- Born: Jonathan Edmund Fulford Turner 9 November 1951 Wanstead, Essex, England
- Died: 16 June 2020 (aged 68)
- Occupations: Film and television actor
- Children: 1

= John Benfield =

British actor (1951–2020)

Jonathan Edmund Fulford Turner (9 November 1951 – 16 June 2020), better known by his stage name John Benfield, was a British character actor.

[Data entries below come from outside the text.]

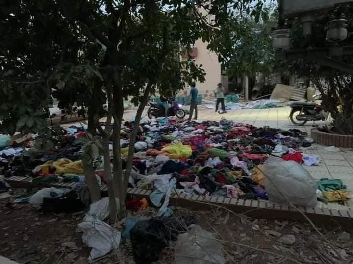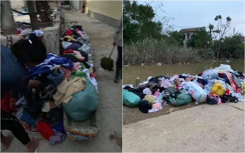 Quần áo ủng hộ miền Trung được cho vứt đống ở bụi cây, bờ ao.
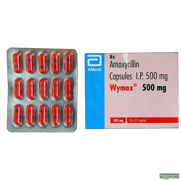 Wymox 500 mg Capsule is an antibiotic medicine used in the treatment of bacterial infections of the ear, nose, throat, skin, urinary tract, tonsillitis, bronchitis, and pneumonia and also used to treat diarrhoea. This medicine contains amoxycillin, which works by inhibiting the protein synthesis of the bacterial cell and thereby helps fight infection-causing bacteria. This medicine is not effective for treating viral infections. Common side effects include skin rashes, nausea, vomiting, bloating, and gas.
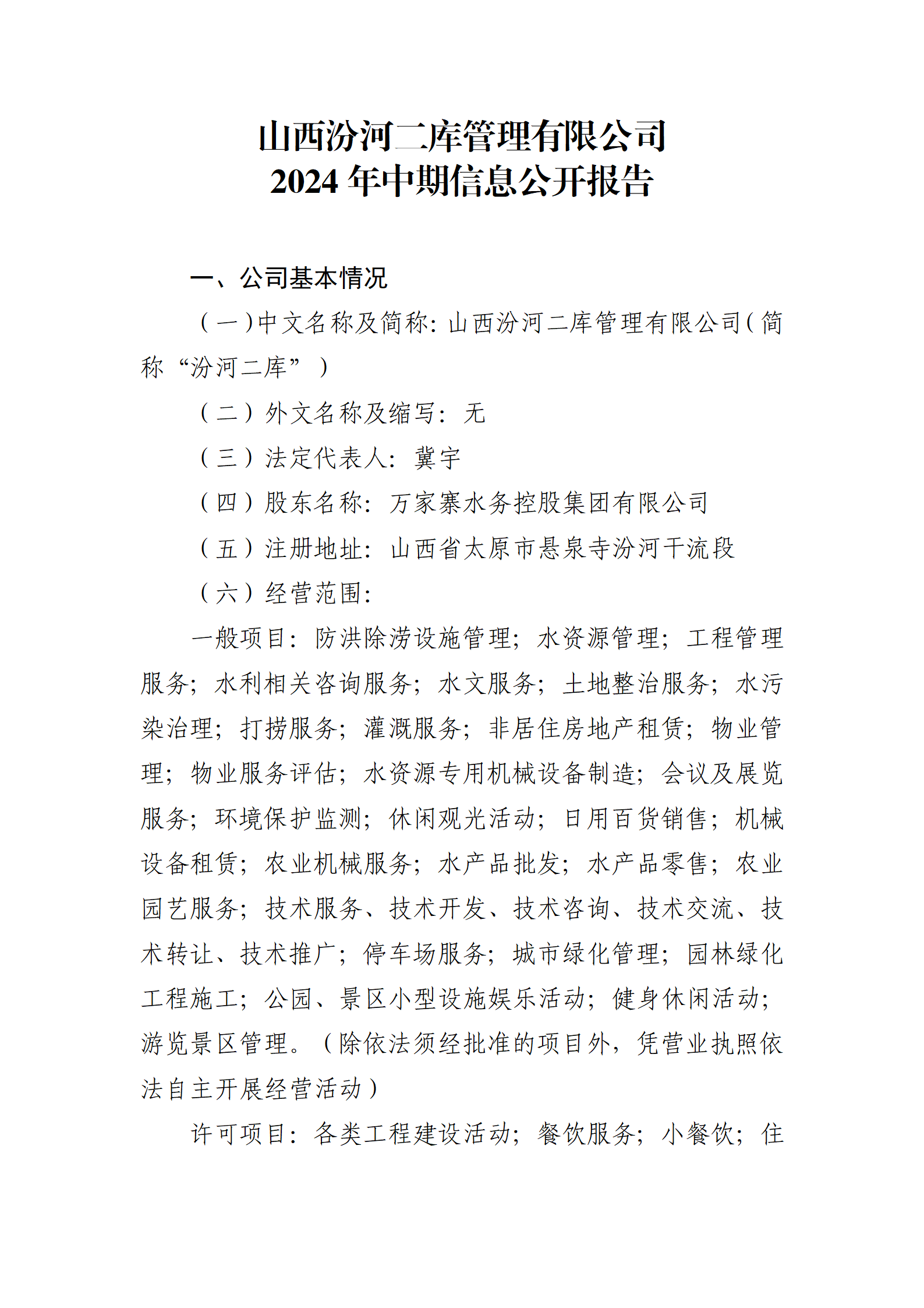 山西汾河二庫(kù)管理有限公司2024年第三季度信息公開...
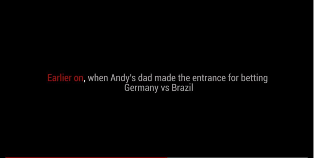 早些时候,Andy 的爸爸投注德国对战巴西这场比赛时,是这样入场滴……
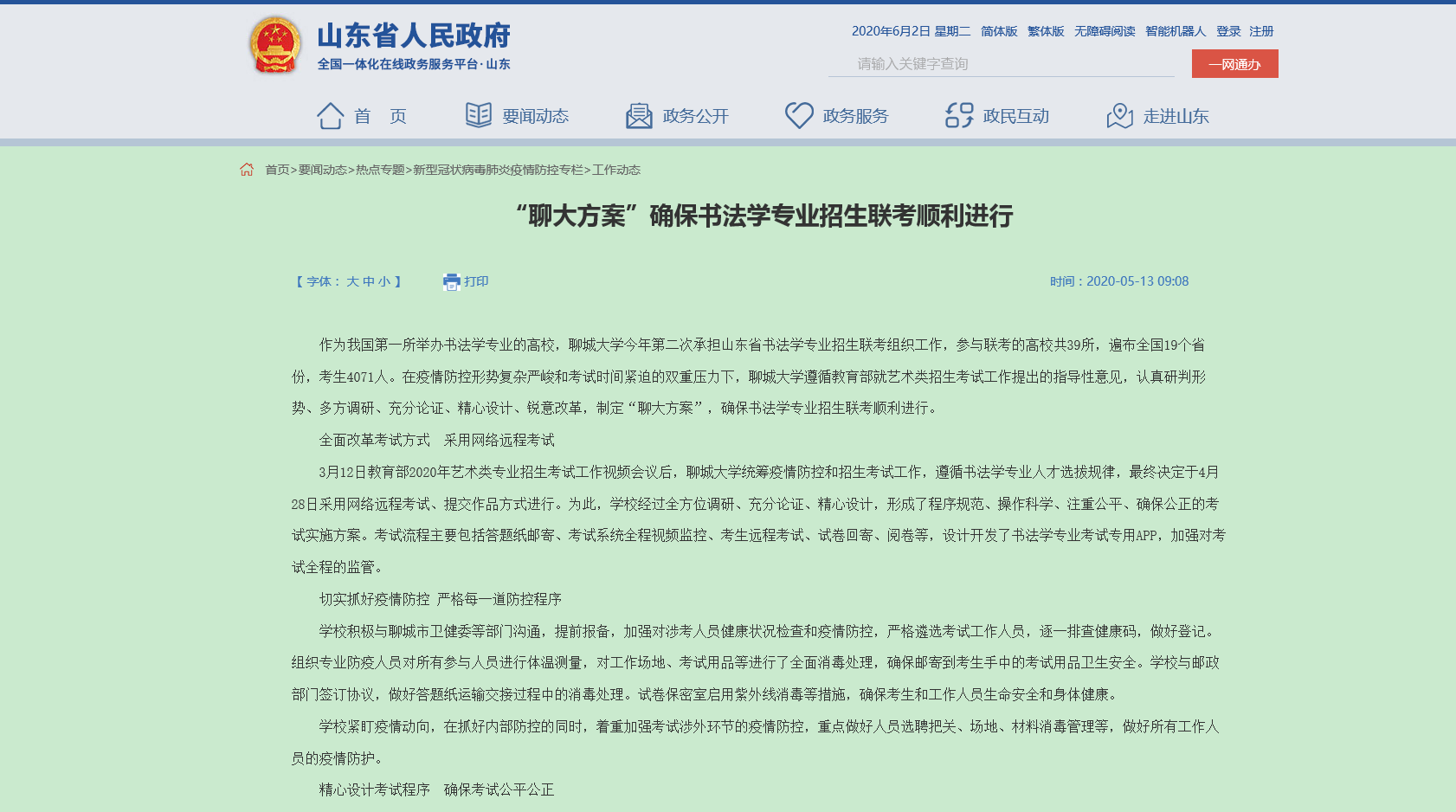 【山东省政府网站】“聊大方案”确保书法学专业招生联考顺利进行
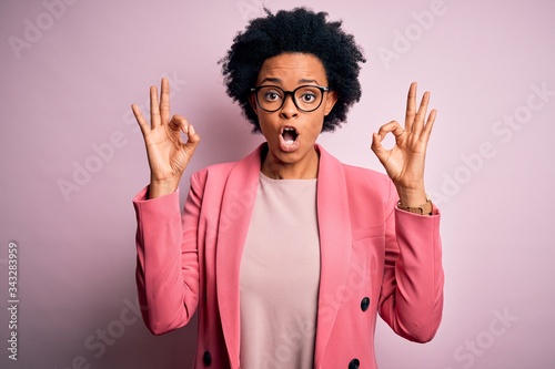 Young beautiful African American afro businesswoman with curly hair wearing pink jacket looking surprised and shocked doing ok approval symbol with fingers. Crazy expression
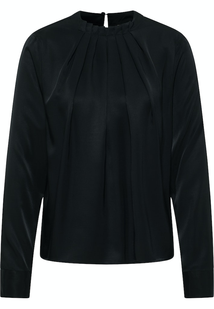 Die eingelegten Falten am Rundhals-Ausschnitt sind nicht nur ein schöner optischen Effekt, sondern dienen auch dazu, dass diese Bluse einen besonders schönen Fall erhält.
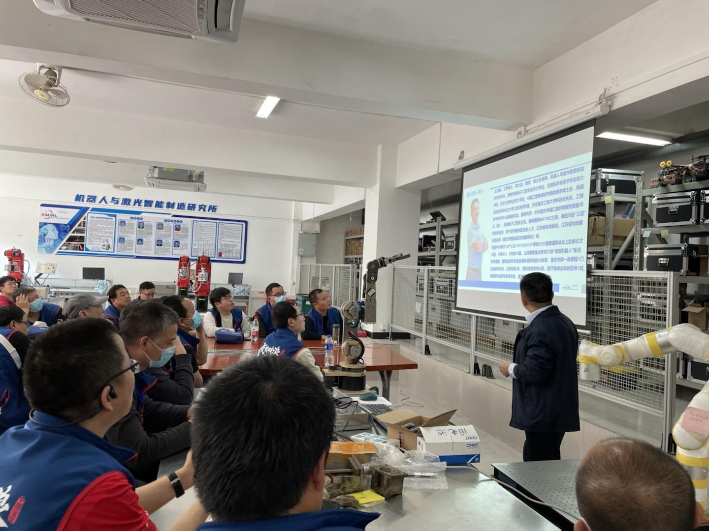 王洪建教授对中国宝武集团一线员工智能制造班学员的到来表示欢迎,随后介绍太阳成集团tyc234cc主页概况,太阳成集团tyc234cc主页,以及机器人与激光智能制造研究所的设备及科学研究情况。正值建校七十周年,王洪建教授向智能制造班学员分享了对于这一隆重事件的喜悦之情。
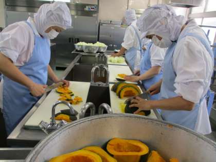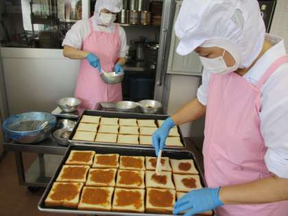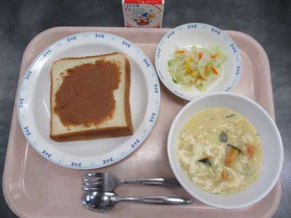 かぼちゃは5月から9月が旬の夏野菜です。旬のかぼちゃを使ってパンプキンシチューを作りました。とりがらからスープをとり、ルウも手作りするシチューは人気のある献立のひとつです。きなこバタートーストはきなことバター、砂糖を合わせたものを食パンに塗ってから、オーブンで焼きました。
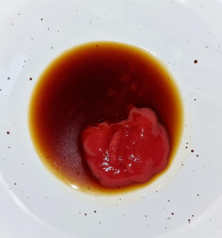 - Für die Sauce Worcestersauce, Oystersauce, Sojasauce und Ketchup vermengen. - Man kann um KH zu sparen auch nur Soyasauce nehmen, schmeckt auch.
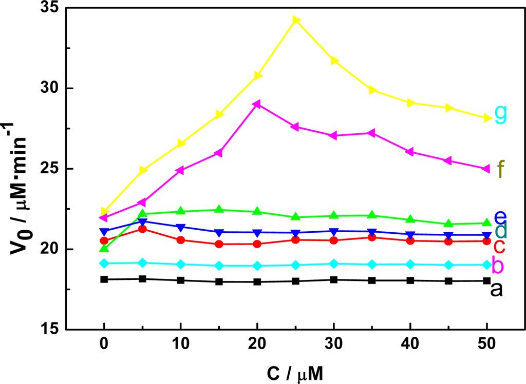 In our previous investigation, we examined the effects of Al(III) and nano-Al13 species on the activity of glutamate dehydrogenase (GLDH) by electrochemical methods using a functionalized MWNT-GCE. It is weel known that electrochemical analysis is a powerful tool to trace metal ions and biomolecules in biological systems with a number of remarkable advantages such as high sensitivity, faster and more reliable results, simple instrumentation and operation procedures and lower cost. In the past few decades, the analysis of enzymes by electrochemical methods has been reported. Gao and Xin [34] studied the effects of lanthanide ions on the kinetics of GLDH by a chronoamperometric method using a bare glassy carbon electrode (GCE). Bi et al. investigated the effect of Al(III) and Al13 on the activity of LDH by differential pulse voltammetry using a hanging mercury drop electrode (HMDE) [35]. Yang et al. have reported their electrochemical studies on the inhibition and activation effects of Al(III) on the activity of bovine liver GLDH with HMDE [36]. In recent years, more and more researchers have turned their attention to the application of modified electrodes in biochemistry for their excellent catalytic properties. Zhuang et al. [37] have explored the electrochemical properties of unfunctionalized single-walled carbon nanotubes (SWNT) as nanometer-sized activators in enzyme-catalyzed reactions and experiments showed that the modified electrodes could be successfully used to monitor the activity of LDH.

==Early life and education==
Benfield was born in Wanstead, Essex, the son of margarine sales representative Fred Turner and his wife Joan, née White. He was educated at Loughton school, then the town's further education college; after four years as an ambulance driver in London, he studied history at the University of Nottingham, during which time he discovered a passion for acting with the drama society. After training at the Webber Douglas Academy of Dramatic Art from 1976 to 1978, with there already an actor called "John Turner", he assumed the stage name "John Benfield", the surname coming from his mother's side.

==Career==
Benfield appeared in 75 television episodes or films starting in 1981 with small parts in BBC drama adaptations, such as The Winter's Tale and The Day of the Triffids.

==Personal life==
Benfield lived in Oxfordshire with his wife, Lilian, née Lees. They had one son.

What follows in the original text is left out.